If a CPAP device is tried and found ineffective during the initial 3-month home trial, substitution of bi-level therapy or APAP does not require a new clinical evaluation OR a new sleep test if the above criteria is met.

If a CPAP device has been used for more than 3 months and is switched to bi-level therapy or APAP, a new initial face-to-face clinical evaluation is required and the criteria above must be met, but a new sleep test is not required. A new 3-month trial would begin for use of bi-level therapy or APAP.

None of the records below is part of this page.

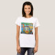 Scène colorée et romantique de peinture d'un beau village provençal et d'une table pour deux dans la cour avec une belle bouteille de vin rosé de Lisa Lorenz sur un T-shirt.
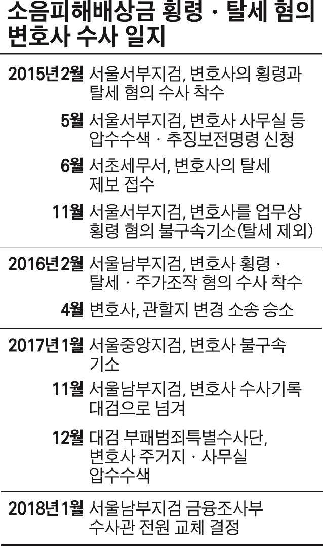 14일 한국일보 취재 결과, 서울서부지검은 2015년 초 집단소송을 통해 거액을 벌어들인 최모(57) 변호사의 횡령과 탈세 정황을 포착하고 수사에 착수했다. 피해자들에게 돌아가야 할 지연이자 수백억원을 가로채 주식투자 등에 썼고, 이 과정에서 거액을 탈세한 단서가 드러났기 때문. 수사검사는 최 변호사 사무실 등을 압수수색하고 법원에 최 변호사 예금 등에 대해 추징보전명령 청구까지 하는 등 의욕이 넘쳤다. 구속영장 청구 방안도 검토했다. 그러나 윗선의 영향 때문인지 영장은 청구되지 않았고, 기소할 때도 탈세 혐의는 통째로 빠졌다.
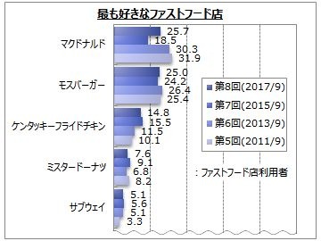 最も好きなファストフード店は、「マクドナルド」「モスバーガー」が利用者の3割弱、「ケンタッキーフライドチキン」が1割強です。「マクドナルド」は、いったん減少した2015年より増加しています。男性と女性20代では「マクドナルド」が1位、女性30代以上では「モスバーガー」が1位です。主利用店が最も好きだという人は、『モスバーガー』主利用者が8割強、『ケンタッキーフライドチキン』『サブウェイ』主利用者が各7割強と他の層より高くなっています。

NOTE: If the above criteria are not met, continued coverage of a PAP device and related accessories will be denied as does not meet the definition of medical necessity.

A member who fails (including member non-adherence) the initial 3-month PAP trial is eligible to re-qualify for a PAP device but must have BOTH:

  1. Face-to-face clinical re-evaluation by the treating physician to determine the etiology of the failure to respond to PAP therapy; AND
  2. Repeat sleep test in a facility-based setting (Type 1 study).

Bi-level therapy without a backup rate feature (E0470) meets the definition of medical necessity for the treatment of obstructive sleep apnea when CPAP has been tried and proven ineffective or is not tolerated.

Bi-level therapy with a backup rate feature (E0471) is considered experimental or investigational for the treatment of obstructive sleep apnea as the published clinical evidence does not support proven value for this indication.

Bi-level therapy S/T with a backup rate feature is considered experimental or investigational when used as a life-support ventilator, as there is insufficient scientific peer-reviewed literature to support the application of Bi-level therapy S/T other than to augment the ventilation of a spontaneously breathing member.

Nasal expiratory positive airway pressure (EPAP) devices (e.g., Provent® Professional Sleep Apnea Therapy) and oral pressure therapy devices (e.g., ApniCure’s Winx™ Sleep Therapy System) are considered experimental or investigational as there is insufficient clinical evidence published in the peer-reviewed literature to support the safety, efficacy, and long-term outcomes of the use of these types of devices in the treatment of OSA.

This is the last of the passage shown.